## HOW TO COMPLETE THIS TASK
Tally every line of the listing below that holds "with", then give the tally alone.

## RECORDS SUPPLIED

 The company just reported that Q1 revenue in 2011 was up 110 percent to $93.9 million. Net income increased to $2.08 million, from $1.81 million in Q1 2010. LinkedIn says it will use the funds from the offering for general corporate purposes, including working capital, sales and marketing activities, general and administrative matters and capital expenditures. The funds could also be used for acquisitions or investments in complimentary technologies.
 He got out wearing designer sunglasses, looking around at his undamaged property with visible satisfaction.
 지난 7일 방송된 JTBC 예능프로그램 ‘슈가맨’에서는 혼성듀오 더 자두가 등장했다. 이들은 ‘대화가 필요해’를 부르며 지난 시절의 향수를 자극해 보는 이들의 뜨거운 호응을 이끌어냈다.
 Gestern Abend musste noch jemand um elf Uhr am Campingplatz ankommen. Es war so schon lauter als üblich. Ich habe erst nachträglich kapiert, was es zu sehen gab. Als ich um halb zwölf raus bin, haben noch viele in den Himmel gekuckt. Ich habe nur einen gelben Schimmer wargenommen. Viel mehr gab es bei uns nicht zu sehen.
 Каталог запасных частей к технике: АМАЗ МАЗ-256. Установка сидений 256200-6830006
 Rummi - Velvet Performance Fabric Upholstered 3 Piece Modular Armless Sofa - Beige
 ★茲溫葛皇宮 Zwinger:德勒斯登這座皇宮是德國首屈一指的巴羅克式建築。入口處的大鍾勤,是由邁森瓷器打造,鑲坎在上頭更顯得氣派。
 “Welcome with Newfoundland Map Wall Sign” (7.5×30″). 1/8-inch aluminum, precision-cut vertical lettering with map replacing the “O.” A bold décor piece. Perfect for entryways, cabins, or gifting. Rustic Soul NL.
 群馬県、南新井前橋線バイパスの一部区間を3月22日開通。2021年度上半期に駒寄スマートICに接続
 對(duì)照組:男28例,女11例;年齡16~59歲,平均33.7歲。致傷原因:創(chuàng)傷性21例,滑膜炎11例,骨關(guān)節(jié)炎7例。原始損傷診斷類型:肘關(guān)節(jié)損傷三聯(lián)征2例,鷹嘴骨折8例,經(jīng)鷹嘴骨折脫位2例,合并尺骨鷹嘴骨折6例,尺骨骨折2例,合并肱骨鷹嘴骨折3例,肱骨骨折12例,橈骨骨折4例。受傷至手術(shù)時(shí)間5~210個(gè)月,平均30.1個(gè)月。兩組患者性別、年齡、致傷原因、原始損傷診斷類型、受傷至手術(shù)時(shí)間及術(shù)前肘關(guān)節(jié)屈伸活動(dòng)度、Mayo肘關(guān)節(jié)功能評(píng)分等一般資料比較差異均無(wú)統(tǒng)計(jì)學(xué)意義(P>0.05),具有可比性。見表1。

## RESULT FOR THIS TASK
2